Every entry below is to be copied exactly, apart from any picture it holds.

───── Data for analysis ─────

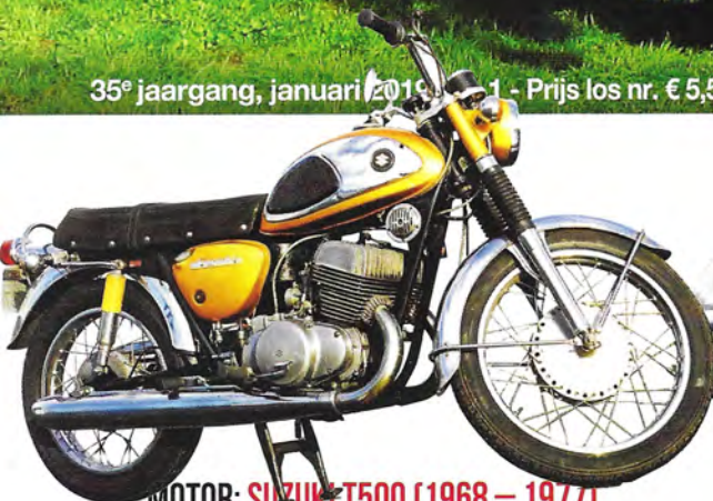
MOTOR: SUZUKI T500 (1968 - 1977)

35° jaargang, januari 2019 - Prijs los nr. € 5,50 - bij abo slechts € 3,30
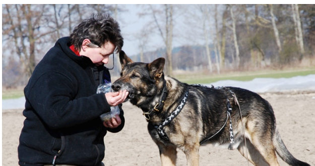
Abb. 9.: Lobo feiert mit mir: gemeinsames „Fressen“ nach gelungener Fährtenarbeit – ein Stück Käse für mich, ein Stück für ihn, dabei noch verbales Lob als Anerkennung
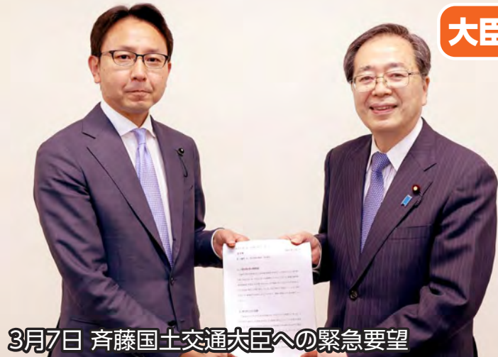
3月7日 齊藤国土交通大臣への緊急要望
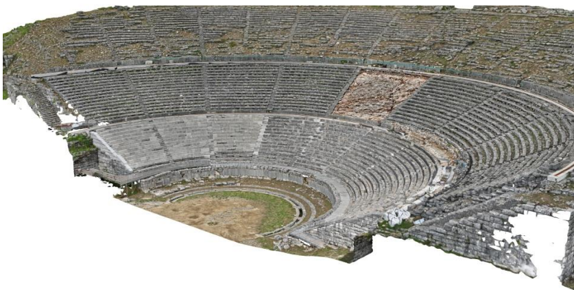
Εικόνα 7: Ολοκλήρωση της αποκατάστασης της κατώτερης ζώνης του κοίλου του αρχαίου θεάτρου (2022)
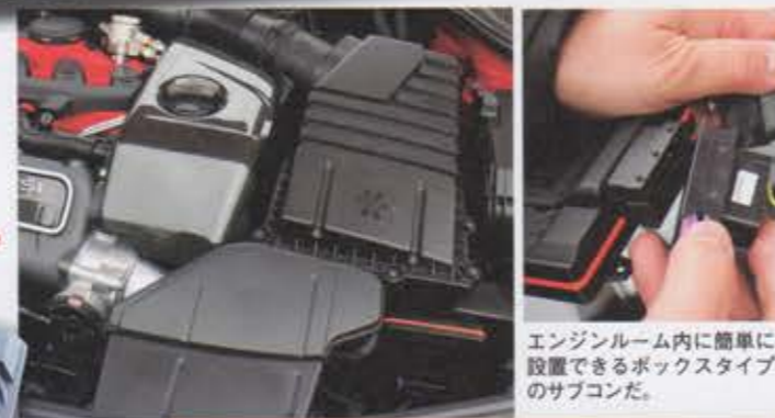
エンジンルーム内に簡単に設置できるボックスタイプのサブコンだ。

─────

#### [Solution for this exercise]
MOTOR: SUZUKI T500 (1968 - 1977)

35° jaargang, januari 2019 - Prijs los nr. € 5,50 - bij abo slechts € 3,30
Abb. 9.: Lobo feiert mit mir: gemeinsames „Fressen“ nach gelungener Fährtenarbeit – ein Stück Käse für mich, ein Stück für ihn, dabei noch verbales Lob als Anerkennung
3月7日 齊藤国土交通大臣への緊急要望
Εικόνα 7: Ολοκλήρωση της αποκατάστασης της κατώτερης ζώνης του κοίλου του αρχαίου θεάτρου (2022)
エンジンルーム内に簡単に設置できるボックスタイプのサブコンだ。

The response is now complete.